Motivation, patience, curiosité et persévérance sont pour la scientifique les ingrédients clés pour réussir dans la recherche. « Il faut aussi dépasser sa zone de confort et oser, ne pas avoir peur d’ouvrir des portes qui nous sont inconnues, car on en sort souvent plus armé et mûri. J’en suis la preuve ! »
Selon Dalila Ajjaji, il est aussi très important d’être entouré, aussi bien du côté professionnel que personnel. « Je tiens d’ailleurs à remercier mon directeur de thèse, Abdou Rachid Thiam, qui m’a permis de me lancer dans cette belle aventure, ainsi que mon équipe de travail, avec laquelle j’ai adoré collaborer. Je remercie aussi toute l’équipe administrative sans laquelle j’aurais été un peu perdue, merci à Nora Sadaoui surtout. Je n’oublie pas toute ma famille qui m’a toujours soutenue, je leur en serai infiniment reconnaissante. »

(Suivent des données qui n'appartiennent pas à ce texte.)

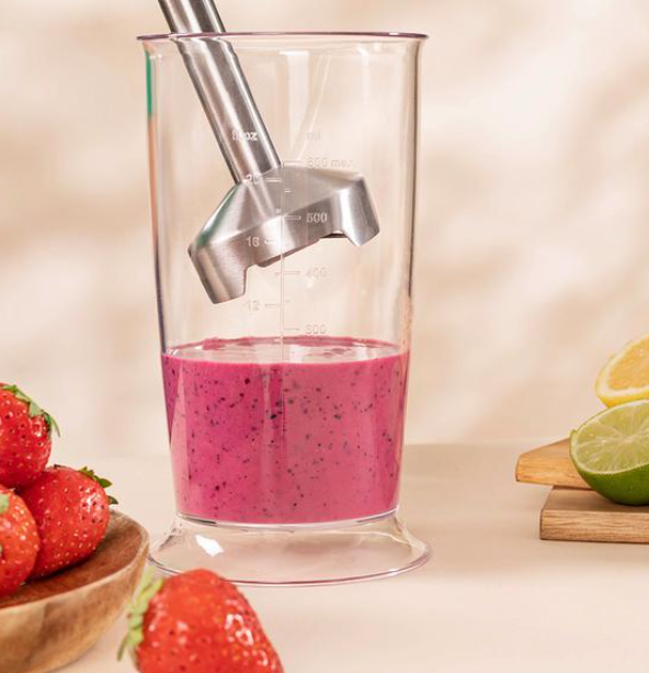 • Μέγιστη ισχύς: Με 1200 W, το ραβδομπλέντερ πετυχαίνει γρήγορα λεπτές και ομοιογενείς μίξεις.

À propos de l’interaction de la protéine Core du Virus de l'Hépatite C avec les corps lipidiques
La thèse en biophysique de Dalila Ajjaji porte sur l’étude du trafic du VHC dans la cellule du foie qu’il infecte. Le virus aime interagir avec le gras de la cellule. Dalila s’est intéressée plus précisément à une protéine appelée Core3, constituant majeur de ce virus, qui se lie aux gouttelettes lipidiques cellulaires. Pourquoi et comment se fait cette liaison ? C’est en majorité à ces questions que la chercheuse a tenté de répondre : « grâce aux observations en cellules modèles de l’Hépatite C et aux tests en modèles membranaires artificiels menés en parallèle, j’ai pu mieux comprendre et caractériser cette interaction protéine-membrane. J’ai donc passé mes trois années de thèse à naviguer entre la plateforme de l’Institut de biologie de l’ENS (IBENS) et mon laboratoire au département de physique. J’ai ainsi pu rencontrer des personnes qui travaillent dans différents domaines et qui ont apporté une autre vision sur mon sujet. » Un travail de collaboration interdisciplinaire très enrichissant pour la chercheuse puisqu’elle a soutenu avec succès sa thèse en en décembre 2019.

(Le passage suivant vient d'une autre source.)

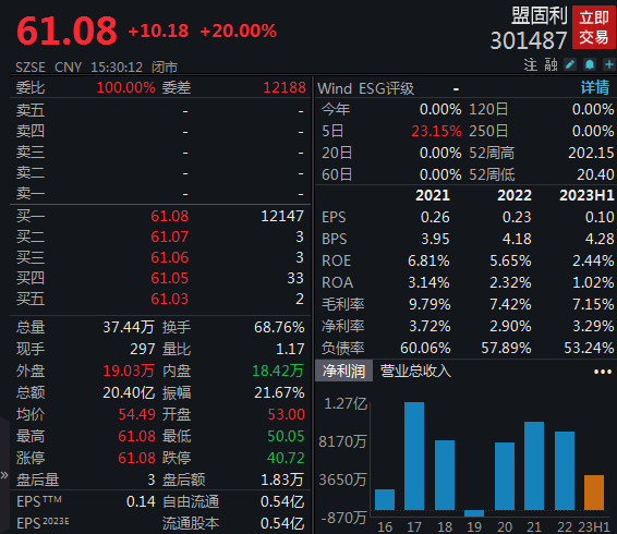 8月17日,盟固利涨停,股价报61.08元,成交额20.40亿元,换手率68.76%。该股已连续两个交易日涨停。
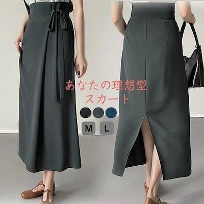 2024新品発売タイトスカート ロング 大きいサイズ ロングスカート 春夏 タイト スカート レディース きれいめ リボン ハイウェストスカート スリット ボトムス ハイウェスト ミモレ丈スカート オ
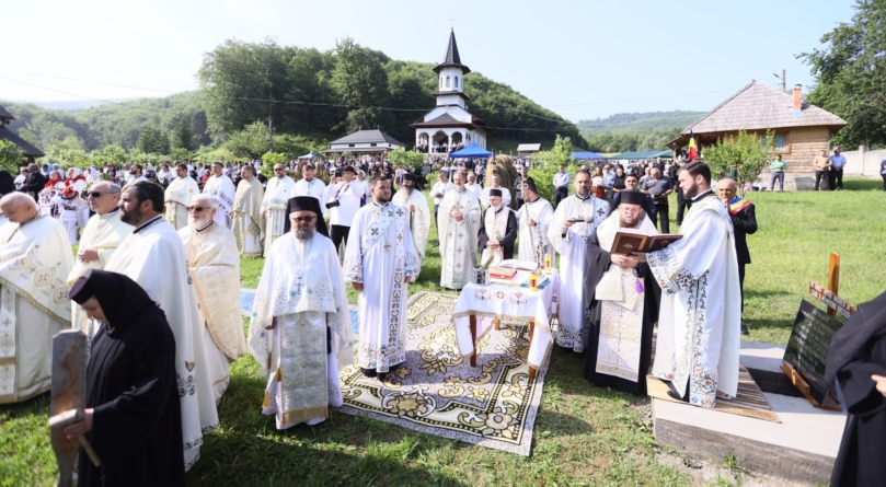 Înainte de începerea Sfintei și Dumnezeieștii Liturghii, Preasfințitul Părinte Timotei Sătmăreanul a pus piatra de temelie pentru noua biserică de lemn a mănăstirii ce va avea hramul „Sfinții Martiri Brâncoveni”, sărbătoriți în data de 16 august.

1Les gouttelettes lipidiques sont des structures intracellulaires de stockage d’énergie (de lipides), leur volume croissant ou décroissant selon les besoins énergétiques métaboliques. Véritables structures dynamiques, elles permettent, entre autres, des échanges lipidiques entre différents éléments intracellulaires, en leur fournissant les éléments nécessaires à leur croissance. (source : La gouttelette lipidique, un nouvel organite ? Philippe Roingeard, inserm.fr)
2Les interférons sont des protéines naturellement produites par les cellules du système immunitaire, mais aussi d'autres types cellulaires. Leur nom vient du fait qu'ils interfèrent avec la réplication virale dans les cellules de l'hôte, en améliorant notamment leur résistance aux infections virales.
3Une protéine Core est l’une des protéines jouant un rôle structurel ou fonctionnel majeur dans le complexe moléculaire dont elles font partie. Elles peuvent par exemple former une couche interne entourant le matériel générique d’un virus.